A solution is required therefore that supports file rotation and on-the-fly compression such that uncompressed data is never written to disk. As we were planning to deploy DNS-OARC’s dnscap to support monitoring of the forthcoming root zone DNSSEC key roll I decided to see if I could build this functionality directly into dnscap.

dnscap uses libpcap to read and write data, and specifically the pcap_dump_open(pcap_t *pcap, const char *path) function to save files. However libpcap also has a function pcap_dump_fopen(pcap_t *pcap, FILE *fp) which allows the caller to pass a handle to an already opened file to libpcap instead of having libpcap open the file for itself. All libpcap I/O uses stdio internally.

A little known (albeit non-standard) feature of modern stdio implementations is the ability to create a file handle that uses user-supplied read, write, seek and close functions instead of using the standard POSIX functions that work on a UNIX file descriptor. On Linux systems glibc provides fopencookie() and BSD-derived systems have funopen(). An excerpt from the manual page for the latter is shown below:


     #include <stdio.h>

     FILE *funopen(const void *cookie,
                   int (*readfn)(void *, char *, int),
                   int (*writefn)(void *, const char *, int),
                   fpos_t (*seekfn)(void *, fpos_t, int),
                   int (*closefn)(void *));


     The funopen() function associates a stream with up to four ``I/O
     functions''.  Either readfn or writefn must be specified; the others can
     be given as an appropriately-typed NULL pointer.  These I/O functions
     will be used to read, write, seek and close the new stream.


     The calling conventions of readfn, writefn, seekfn and closefn must match
     those, respectively, of read(2), write(2), lseek(2), and close(2) with
     the single exception that they are passed the cookie argument specified
     to funopen() in place of the traditional file descriptor argument.

By happy coincidence (or more likely by design) the standard gzip compression library contains functions that almost perfectly match these requirements. With just a small amount of additional code you can create a FILE * handle that acts exactly like a normal file handle to the caller, but that transparently compresses the output data before it’s saved to disk.

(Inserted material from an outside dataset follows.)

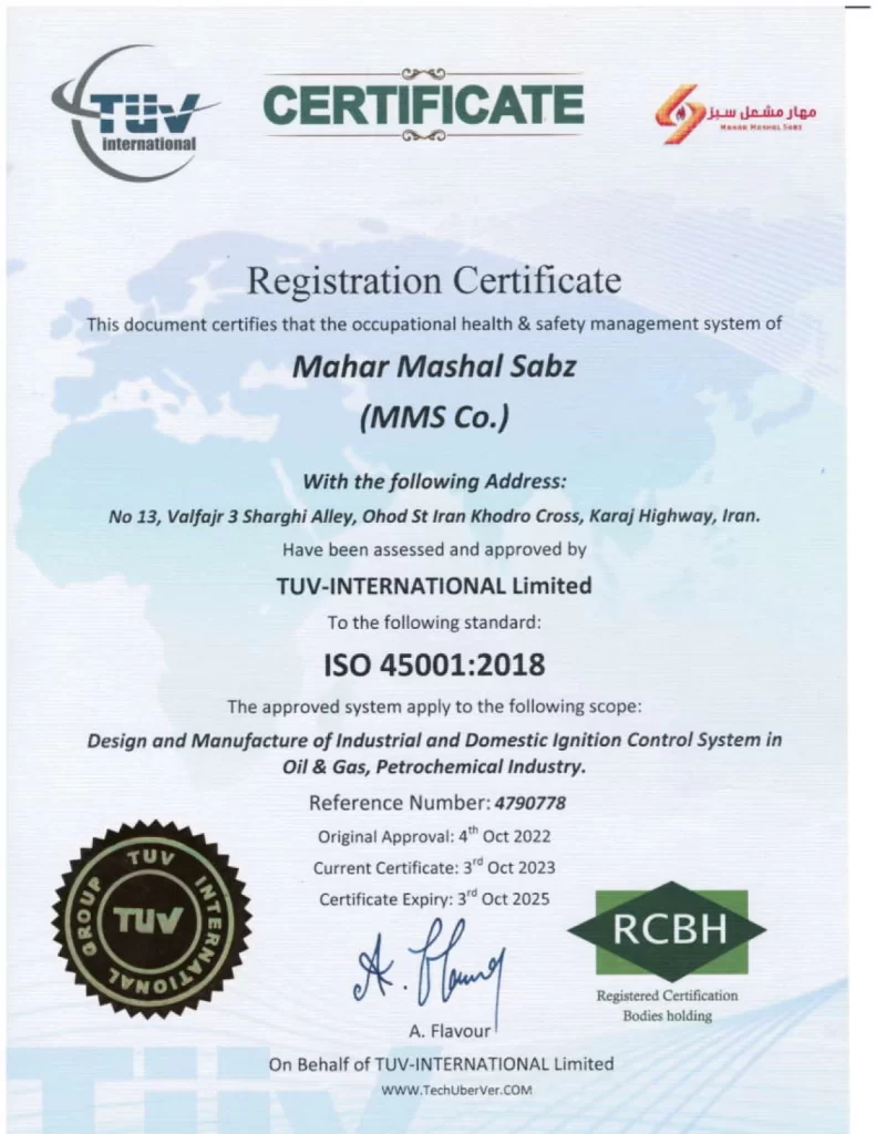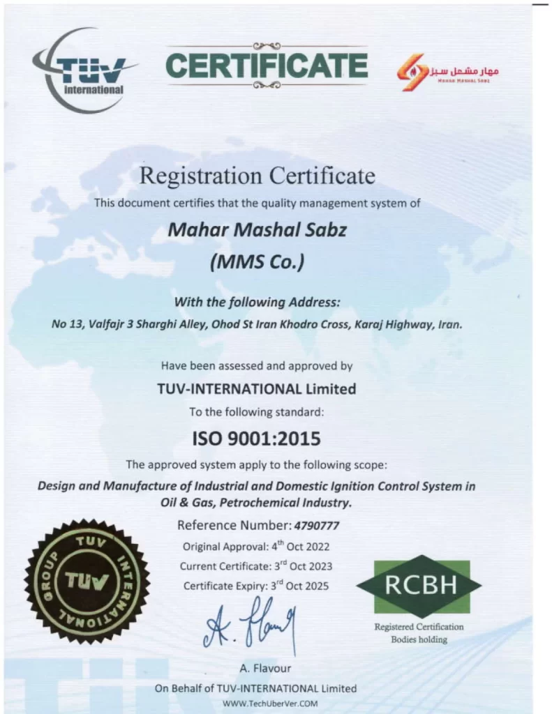 شركة “مهار مشعل سبز” الهندسية من أفضل الشركات الهندسية في مجال أنواع مفتاح الضغط القياسي الهواء- الغاز الموافقة للمعايير، في إيران.

Within dnscap the call to pcap_dump_open() can be replaced with code like this (NB: error handling code omitted for brevity and showing only the BSD funopen method):

     static int
     gzip_cookie_write(void *cookie, const char *buf, int size) {
         return gzwrite((gzFile)cookie, (voidpc)buf, (unsigned) size);

     static int
     gzip_cookie_close(void *cookie) {
         return gzclose((gzFile)cookie);

     pcap_dumper_t *dump_open(pcap_t *pcap, const char *path, int want_gzip) {
         if (want_gzip) {
             gzFile z = gzopen(path, "w");
             FILE *fp = funopen(z, NULL, gzip_cookie_write, NULL, gzip_cookie_close);
             return pcap_dump_fopen(pcap, fp);
         } else {
             return pcap_dump_open(pcap, path);

The cookie argument is an opaque pointer that is typically a pointer to a structure containing per-context data relating to the file being handled. In this case the gzip library’s gzFile type is used directly as that cookie.

Patches to dnscap that automatically generate compressed output if the save suffix ends with .gz have been accepted by DNS-OARC and are in the 1.5.0 release.

In our tests this was found to be very much more efficient than using a post-processor, with vastly decreased I/O load and also a beneficial drop in CPU usage.

Last modified: June 7, 2017 at 2:42 am